Book Review: The PIanist of Yarmouk

I've been getting through lots of books on my round the world reading challenge since the new year and the lockdown has been helping me get through the pile lying by my bedside.   I've updated the list on the dedicated page to include the new countries I"ve been to and thought I'd do a bit of a deeper review of some of them over the next while.

A while back I joined a charity book club called ShelterBox.   They send a book every 6 weeks or so from a new writer and there have been some very interesting titles in their selections including this one.  The donations to the charity help with their work with refugees around the world, particularly now with the coronavirus epidemic hitting so many places that are already in crisis. 

So my top book for this year so far has to be The Pianist of Yarmouk

Syria/Palestinian Refugee Camp 

 The Pianist of Yarmouk by Aeham Ahmad *****

You may remember seeing a picture in the news a few years back of a pianist playing in the middle of the rubble of one of the refugee camps in Damascus.   Well that was Aeham Ahmad and this book is his memoir - a truly inspiring story of hope in the most awful of places.

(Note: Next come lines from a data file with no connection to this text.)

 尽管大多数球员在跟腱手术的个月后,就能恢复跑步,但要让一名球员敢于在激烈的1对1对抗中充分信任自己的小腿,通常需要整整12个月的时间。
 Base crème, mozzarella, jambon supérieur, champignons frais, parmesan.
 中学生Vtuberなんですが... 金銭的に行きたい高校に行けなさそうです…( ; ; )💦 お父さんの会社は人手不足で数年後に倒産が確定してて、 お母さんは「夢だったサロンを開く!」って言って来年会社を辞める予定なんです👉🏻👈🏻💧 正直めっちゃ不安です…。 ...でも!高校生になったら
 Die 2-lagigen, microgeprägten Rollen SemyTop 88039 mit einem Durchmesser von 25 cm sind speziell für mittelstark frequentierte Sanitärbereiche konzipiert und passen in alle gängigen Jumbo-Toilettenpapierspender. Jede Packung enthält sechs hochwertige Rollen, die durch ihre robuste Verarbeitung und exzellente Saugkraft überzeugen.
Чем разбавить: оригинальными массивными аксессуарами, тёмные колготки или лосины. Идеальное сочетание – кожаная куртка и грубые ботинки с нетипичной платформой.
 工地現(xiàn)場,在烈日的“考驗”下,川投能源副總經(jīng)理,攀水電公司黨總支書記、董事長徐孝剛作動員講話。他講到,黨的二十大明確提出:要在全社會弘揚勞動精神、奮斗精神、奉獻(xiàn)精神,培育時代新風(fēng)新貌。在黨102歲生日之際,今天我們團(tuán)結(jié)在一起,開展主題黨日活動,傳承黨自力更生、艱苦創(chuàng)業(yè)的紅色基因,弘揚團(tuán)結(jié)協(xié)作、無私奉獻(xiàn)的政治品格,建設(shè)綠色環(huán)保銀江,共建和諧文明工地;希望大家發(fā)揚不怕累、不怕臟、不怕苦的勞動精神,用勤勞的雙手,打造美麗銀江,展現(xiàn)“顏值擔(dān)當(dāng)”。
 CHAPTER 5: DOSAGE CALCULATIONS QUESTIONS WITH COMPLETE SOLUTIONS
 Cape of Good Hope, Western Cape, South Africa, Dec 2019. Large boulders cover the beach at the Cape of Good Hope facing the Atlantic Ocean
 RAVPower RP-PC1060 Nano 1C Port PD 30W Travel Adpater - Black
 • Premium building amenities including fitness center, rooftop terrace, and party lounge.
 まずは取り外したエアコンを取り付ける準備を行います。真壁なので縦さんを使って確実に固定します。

He grew up in a Palestinian refugee camp in Syria, on the outskirts of Damascus, where Aeham's father, himself a musician, does everything in his power to give his very talented son a musical education.  It gives a very intimate account of the actualities of life in these conditions and gives a bitter sweet insight into the life of one of the people we saw walking in those terrible queues of people tyring to get into Europe a few years ago..   Thankfully Aeham survived to tell his story and is playing now in much more salubrious conditions with his family by his side.   I would love to meet him and shake his hand.